I was never trying to argue that NET is not better than CRWD. I also wasn’t arguing that your second lesson learned wasn’t correct. I was disagreeing just a bit with the 5th one on TAM. And I am okay with stating that TAM is an important part of the conversation. But it struck a chord with me when you used NET as an example, and said you shouldn’t have sold any when the market took it up because the TAM was expanding.

My perspective was that nobody was really talking about NET’s TAM expanding any more than our other SAAS stocks until it started to sky rocket for no apparent reasons in late August/ early September.

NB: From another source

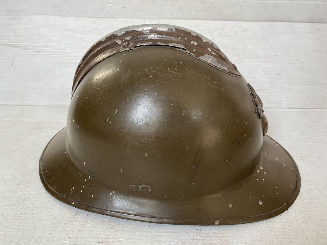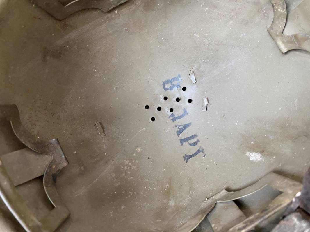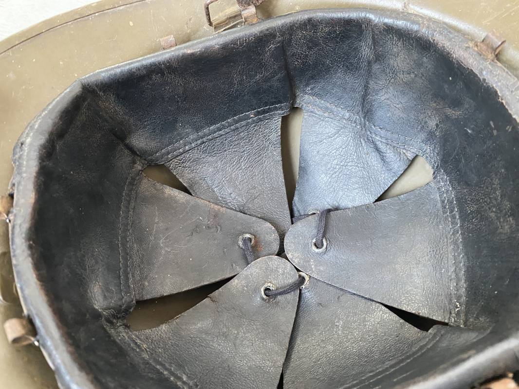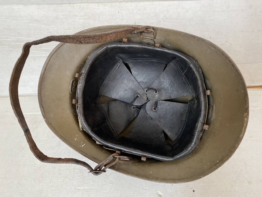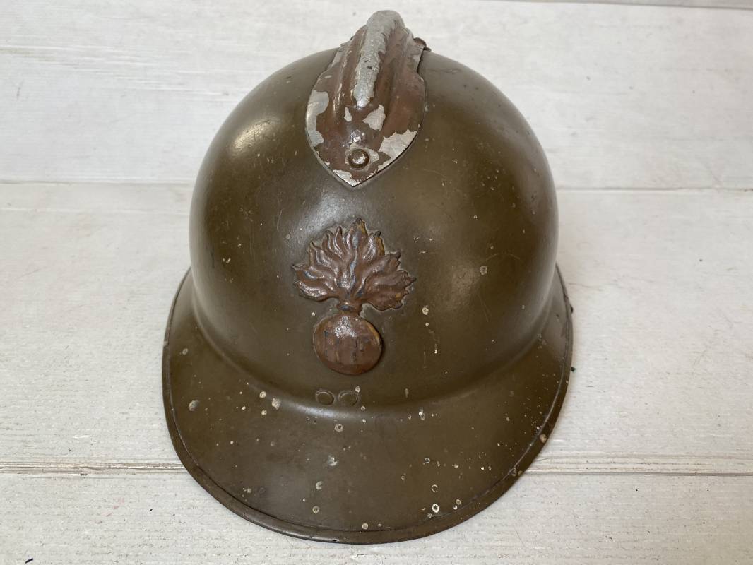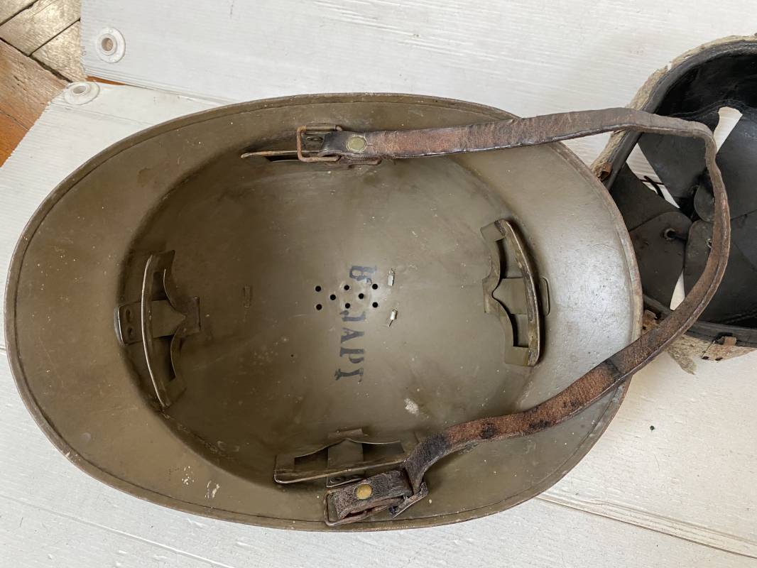 Bon casque Adrian modèle 1926 de l'Infanterie, cimier alu. Belle peinture kaki mate d'usinage. Tampon encre fabricant 'Japy' en fond de bombe. Coque taille B. Insigne frontal modèle 1915 à grenade de l'Infanterie, Cavalerie, Train. Lamelles métalliques intérieures. Jugulaire en cuir fauve et boucle métallique d'origines. Coiffe intérieure en cuir glacé noir. Tampon réception et de taille à l'encre blanc. Date illisible. Taille 55. Lacet coton noir. Fixation pour crochets métalliques, feutrine en partie manquante. Casque porté en bel état. Belle pièce dans son jus, typique de la Bataille de France Mai/Juin 1940. Ref 14253

Again, from my perspective it felt like everyone was watching this go straight up and was asking why and then decided well, the market has decided that it’s TAM is getting much bigger and the price increase is clearly justified.

Maybe it is just me, but this feels much different than what is normally espoused in this board. There weren’t any quarterly numbers to justify this, no increasing revenue growth, it felt as if the only justification came from the stock price itself. And that my friend, is self-fulling. Similarly, I don’t use the stock price drops in almost all the SAAS companies as evidence that the market now knows they aren’t good companies anymore.

Stock price change should be validation, not cause. Otherwise you end up in a dot com era discussion and just buy what is going up.

And for one year. Yes it is a good time frame and if the company is improving as fast as the stock price, I am all in. If not, you might as well buy AMC, it is up about 1000% in the past year!

JUST KIDDING, please no replies that I am comparing NET to AMC.

Randy
Long NET and CRWD, but no position in AMC.